An endless list of celebrity faces and places have come to pass throughout Manhattan’s extensive history. Despite a slew of reincarnations since opening as an opera house in the 1920s, however, Ibis Mediterranean Restaurant & Lounge has survived the test of time. Having played host to icons of the stage and screen—such as Desi Arnaz, Bob Hope, Jerry Lewis, Dean Martin, and Edith Piaf—the 10,000-square-foot space saw a total transformation when it reopened this past April as a signature restaurant at the Kimberly Hotel.
The two-story, 450-seat restaurant and lounge was entirely renovated to evoke the feel of old Hollywood. “We opted for a warm and cozy environment using noble and muted colors,” explains Andres Escobar, president and CEO of Montreal-based Andres Escobar & Associates. “All areas of the restaurant were defined from the beginning. The focus was to completely reconstruct the venue to reflect the elegance of olden times and reclaim a historic Manhattan destination.”
Mahogany-stained birch flooring and wall paneling provide a warm, neutral backdrop, unifying every space. Flush against royal blue microsuede-upholstered walls, a series of oversized burgundy banquettes along two raised platforms flanking the main dining room creates an intimate alternative to the central open-table seating. The platforms feature earth toned carpeting striped in abstract lines to complement the filigree above, while two pieces of contemporary art—custom crafted for Ibis in reference to the Art Deco era—depict black and white cocktail party imagery highlighted in clouds of billowing smoke. Resembling a wedding cake, a titanium pewter chandelier clad in teardrop crystals hangs overhead.
“We raised the two perimeters of the main dining room to make the central area flexible enough to use for private parties,” says Escobar. “Then we paired a classical-style chandelier with crescendo banquettes to give the patrons sitting along the perimeter the impression of being elevated and of importance.”

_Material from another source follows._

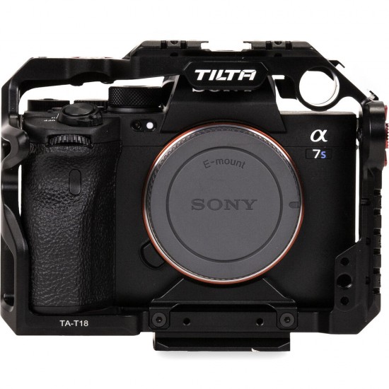 Siyah renkte sağlam dört taraflı tasarıma sahip Sony a7S III için Tilta Tam Kamera Kafesi iki adet ayakkabı yuvası sağlar; bir adet 15 mm çubuk bağlantı noktası ve isteğe bağlı tutma yerlerinin takılması için M6 dişli ARRI standardında bir rozet. Kafesin içine yerleştirilmiş çubuk bağlantı noktası, birlikte verilen Allen anahtarı kullanılarak bağlantı noktasının arka tarafındaki entegre bir vidayla sıkıca sabitlenir. Kafes ayrıca aksesuarlar için 1/4"-20 ve 3/8"-16 montaj dişleri sunar ve kafesin alt kısmında kameranız için en uygun dengeyi bulmanızı sağlayan birden fazla 1/4"-20 diş bulunur tripodlara, gimballere ve diğer desteklere monte ederken.

A grand spiral staircase was added as a literal and visual connection between the first and second floors, with twisted metal poles wrought in a mirror image of the perimeter platform partitions.
During construction, the team found a ceiling in poor condition, with layers of material that had been applied through several renovations over the past 20 years. “To incorporate the sweeping staircase now located between the bar and dining room areas, we had to remove all of the layers making the ceiling substantially lower than what we wanted,” Escobar says, a problem they solved by also relocating the AC system and ducts to the perimeter. The alterations increased the ceiling height on the ground floor and mezzanine levels from eight to 10 feet tall.
The only space to retain its original ceiling is that in the main dining room. “We used Art Deco motifs and faux finish to emphasize it,” Escobar says. “The mission was to bring the venue’s history to life. It used to feature a large stage where famous performers would entertain during the heyday of theater.” Where the stage used to be, a private dining room now sits separated from the main dining area by a glass and metal wall with integrated shelving lined with wine bottles.
“It was our goal to restore Ibis to reflect the essence and glamour of the 1920s opera house it once was,” Escobar says. “Now when you enter the space, it is like no other.”